Children share and read books they've borrowed from World Vision's Mobil Sahabat Anak.

Global Future Magazine: Education

 


  By Bartolomeus Marsudiharjo, Communications Officer

The rain has not fully stopped when World Vision's Mobil Sahabat Anak (meaning: children's friend car) mobile library arrives in Dukuh neighborhood in Kramatjati, East Jakarta, one Friday morning.

Driver and mobile library administration staff Pardi Martoredjo takes up his loudspeaker to announce their coming.

"Dear children the mobile library has arrived! Please join us and read books!" he booms several times.

Hearing the announcement, children call their friends to hurry up as they run toward the neighbourhood field where the library is parked.

Seconds later, nearly a dozen children have reached the car and already started choosing books to read. Numbers increase throughout the day. When the mobile library closes at 2 p.m., the number of visitors to the library is carefully recorded - 35 children.

Growing up in this disadvantaged urban community, these children have missed out on reading books all their lives. Sometimes they are unable to afford them, but just as often they are following local patterns of behaviour. With no strong culture of learning, almost every home has a television but very few contain books to read.

Novi Dwi Safitri (8), a third grade visitor to the library, says she once had a reading book but she does not know where it is now. With no other choice for entertainment, she spends morning, afternoon and evening in front of her family's television.

"I spend more time watching television than learning my school textbooks," said Novi.

Lita Suryani (10), fourth grader of elementary school, expresses her love of reading but says she has no solution for it because she, too, has no access to books. This is the third time the mobile library has visited her neighbourhood and she is very grateful.

The school system struggles to provide reading materials to Indonesian children too. Even in the capital Jakarta, not every school has a library. Public libraries are even more difficult to find. According to a recent media report, there are less than 3,000 public libraries - a very small number for a country with 230 million people.
 
To respond to urban children's need for reading, World Vision operates two mobile libraries with more than 2,000 reading books to serve children in five of World Vision's development areas in East and North Jakarta.
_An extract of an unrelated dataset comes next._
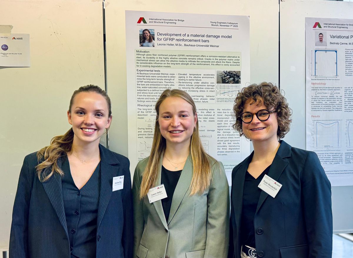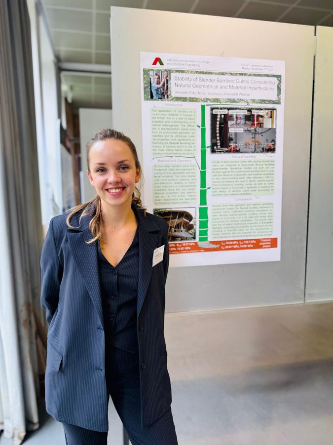 Im Rahmen der Veranstaltung stellten knapp 50 junge Ingenieur*innen aktuelle Projekte vor. Für ihren Kurzvortrag zum Thema "Stability of Slender Bamboo Culms Considering Natural Geometrical and Material Imperfections" erhielt Henrieke Fritz den 1. Platz. Die Inhalte des Vortrages basieren auf ihrer Promotionsforschung. Nähere Informationen dazu sind hier zu finden.
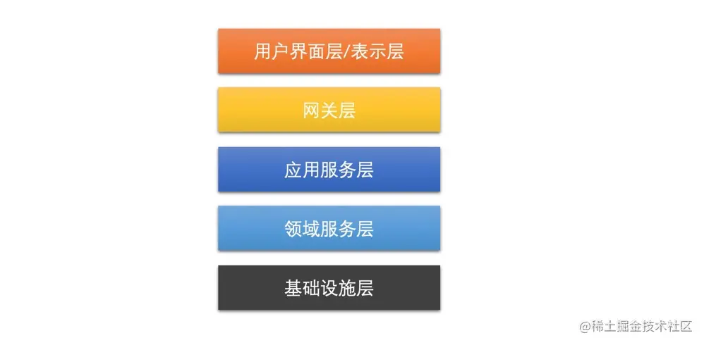 本文阐述了一种将分层设计和DDD领域设计思想应用于微服务体系架构的方案实践,也是个人的最佳实践。对于大部分互联网公司来说,我们主张将其Web服务架构分为五层:基础设施层、领域服务层、应用服务层、网关层和用户界面层(表示层)。

Students from pre-school to junior high come to spend a day in the presence of books, reading them, then returning them back to the bookshelf for others to enjoy.

 "I hope the mobile library come to this neighborhood more often so that I could read more books," says Lita.

Now Elan (8) and Nur (5), brother and sister, are approaching the van. These two do not attend school and cannot read. They usually help their parents look for used bottles and plastics, when other children go to school. Their parents are scavengers.

Elan and Nur are shy about joining the other children, but they are also curious. The arrival of the mobile library is a special moment, maybe even a turning point, for them.

A volunteer in the neighborhood tries to introduce letters to them, guiding them through the pages. Of course, the very short course does not give them much help in reading, but at least it gives the brother and sister a little joy and fun.

Tomorrow the van will park in a different field and a different group of children will come running. With between 25 and 150 children visiting each time, the mobile libraries have served thousands of children like Novi and Lita, Elan and Nur, since they started operating last September.

"Thank you for allowing me to visit the mobile library," says Nur when asked what she thinks of it all. "I like the books with a lot of colors and pictures."